Always thinking about you and devising unique reading and viewing experiences for our audience, Illinois Appellate Lawyer Blog announces a new series:
♪♪♪ Two Tips ♪♪♪
Two Tips, offered by legal writing and strategy experts, will suggest ways you can improve your brief writing. The tips will be in various formats – written, podcast, video, extra sensory perception, Vulcan mind meld.
Two Tips will appear at random times according to a strict schedule. If you have two tips that might interest Illinois Appellate Lawyer Blog readers and viewers, shoot me an email and we’ll make arrangements for you to appear, or write, or sing, or however you want to transmit the information.
We start now.
These two tips are from Ken Abraham. Ken has been practicing law since 1970. He was an associate judge in DuPage County, Illinois for 15 years. Ken is in private practice now and is a mock judge on the Appellatology panel. You can see a fuller bio for Ken here.
Carefully review the trial court’s ruling, whether oral or written. Some judges say things just to placate the unsuccessful party. Others comment for the sake of appellate review to try to establish that they have considered all the law and evidence. Often a misstep is made.
One example is reciting the wrong burden of proof, or using words like “it is clear,” thus suggesting (unintentionally) that the judge employed a clear-and-convincing standard when it’s not applicable.
Pay close attention to what the trial judge does not state.
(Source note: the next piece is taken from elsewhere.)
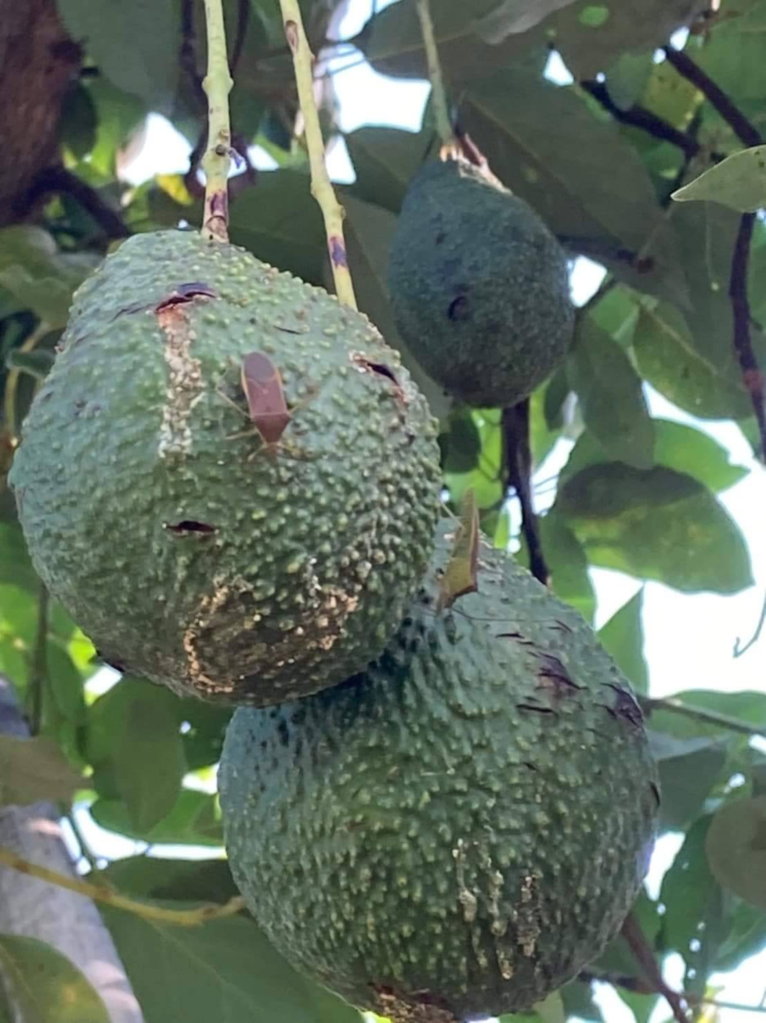 เมื่อวันที่ 7 สิงหาคม 2565 นางสาวณัฎฐ์พณิชา สุภานันท์ นักวิชาการส่งเสริมการเกษตรชำนาญการ รักษาราชการแทนเกษตรอำเภอขุนยวม จ.แม่ฮ่องสอน พร้อมด้วยเจ้าหน้าที่ ลงพื้นที่ตรวจสอบแปลงใหญ่อะโวคาโดบ้านต่อแพ ที่ประสบปัญหาผลของอโวคาโดเป็นแผล ซึ่งจากการเฝ้าสังเกตุแปลง พบว่าแผลที่เกิดขึ้นนั้นมักจะเกิดกับอะโวคาโดพันธุ์ที่มีลักษณะเปลือกบางได้แก่ พันธุ์ American Reed, Peterson และพันธุ์พื้นเมือง โดยผลจะถูกเข้าทำลายด้วย มวนลำไย หรือ แมงแคง (Iongan stink bug) ระยะการเข้าทำลายในช่วงผลเริ่มแก่

Sometimes a key point goes unmentioned. Early in my judicial career I wrote an opinion in a divorce case. After affirming on all other grounds, the appellate court stated it was not sure if I had considered the benefit to the husband of the use of the use of a business vehicle.
In fact I had considered it, but I did not mention it is my ruling. The appellate court adjusted the final numbers. I’m certain that change would not have been made had I been more thorough in my written opinion.
Remember the old saying: Trial courts look for justice. Appellate courts look for error.